[mirrorbrain] Re: Repository delta download und Mirrorbrain 2.13

From: Peter Pöml <peter_at_poeml.de> Date: Tue, 19 Oct 2010 04:26:58 +0200 · This archive was generated by hypermail 2.3.0 : Tue Oct 19 2010 - 11:17:06 GMT

Hi Micha,

thanks for the patches!

I'm including the MirrorBrain mailing list in my reply, which is the
best place for all communication about MirrorBrain development. Since
your mail is about code, I hope you pardon me for taking your private
mail where it belongs.
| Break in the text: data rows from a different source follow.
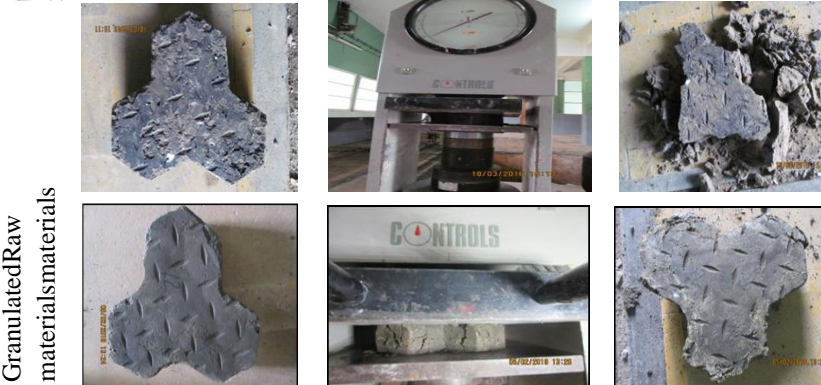
Figure 2. Reaction of paving stones subjected to the resistance test according to the quality of the materials
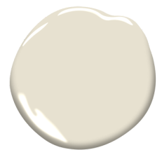
Complex cream BM Feather Down OC-6
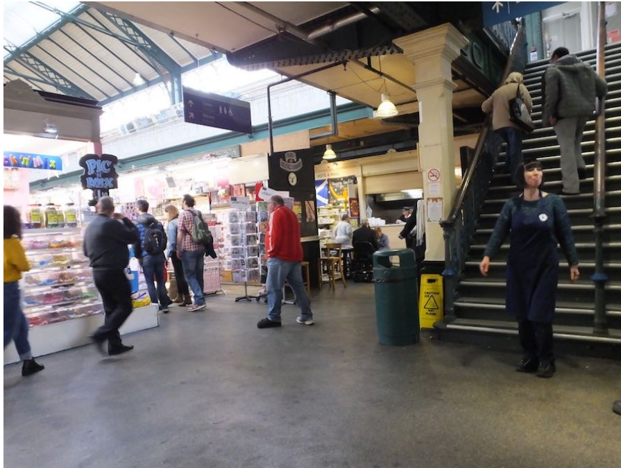
Market hall interior with fine ironwork columns and gallery structure but not shown to its full potential.
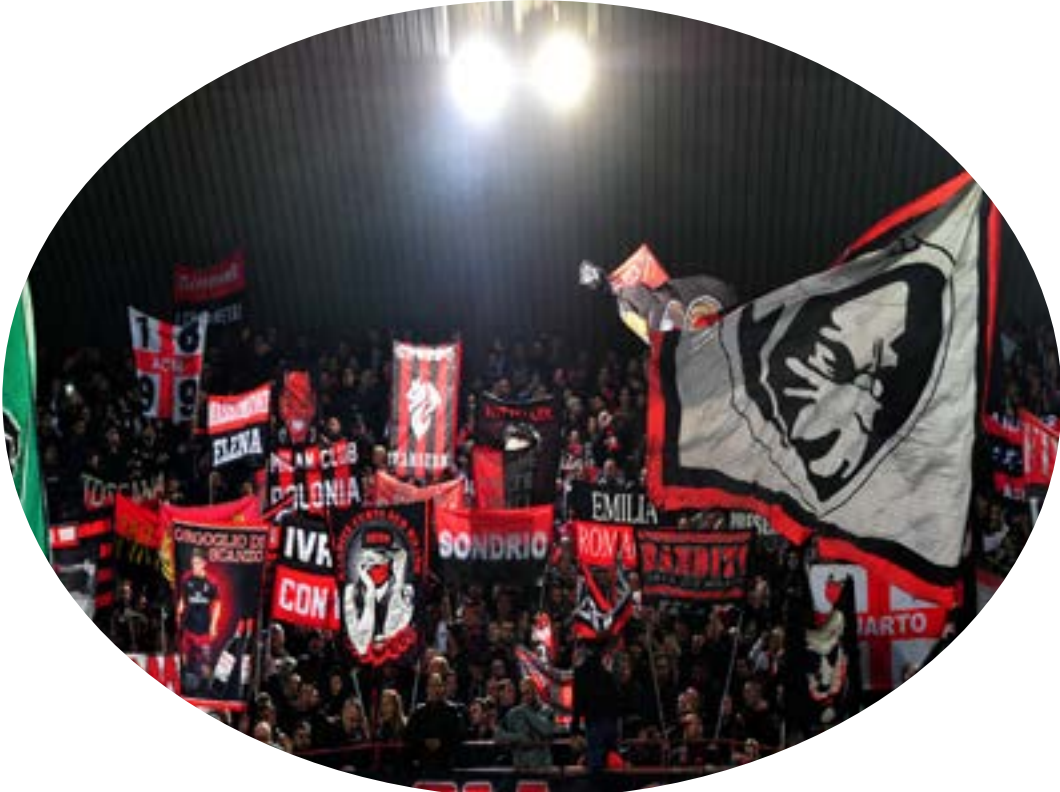
Soccer Football - Serie A - Sampdoria v AC Milan - Stadio Comunale Luigi Ferraris, Genoa, Italy - March 30, 2019 General view of AC Milan fans inside the stadium during the match

It would be great if you could write directly to
the list next time, so the community is not excluded. (Or open a bug,
which also prevents things from collecting dust deep in my mailbox :)

Comments below, scattered inline.

On Mon, Oct 04, 2010 at 06:52:22 +0200, Michael Schroeder wrote:
> 
> Hallo!
> 
> On Fri, Sep 24, 2010 at 11:34:23AM +0200, Michael Schroeder wrote:
> > On Thu, Sep 23, 2010 at 07:44:41PM +0200, Peter Pöml wrote:
> > > MirrorBrain 2.13 hat zsync-Support, der in Form von "herunterladbaren" .zsync Files daher kommt.
> > > http://mirrorbrain.org/docs/configuration/#configuring-zsync-generation
> > 
> > Das weiss ich, aber das brauch ich nicht. Ich brauch das Metalink
> > File mit Zsync Blockchecksummen, ich moechte kein weiteres File
> > herunterladen.
> 
> Ich hab jetzt den attachten Patch bei uns laufen.
> 
> Folgende Sachen solltest Du auf jeden Fall uebernehmen:
> 
> mb/mb/hashes.py dump_2_12_template:
> 
> </verification> sollte nicht im "if" Block ausgegeben werden,
> wenn do_chunked_hashes False ist, fehlt es.
> 
> _at_@ -374,7 +388,8 @@ class HashBag:
>                  r.append('            <hash piece="%s">%s</hash>' % (n, piece))
>                  n += 1
>  
> -            r.append('        </pieces>\n      </verification>\n')
> +            r.append('        </pieces>')
> +        r.append('      </verification>\n')
>  
>          return '\n'.join(r)

Ah, good catch - I'd just suggest to add the missing newline after </pieces>.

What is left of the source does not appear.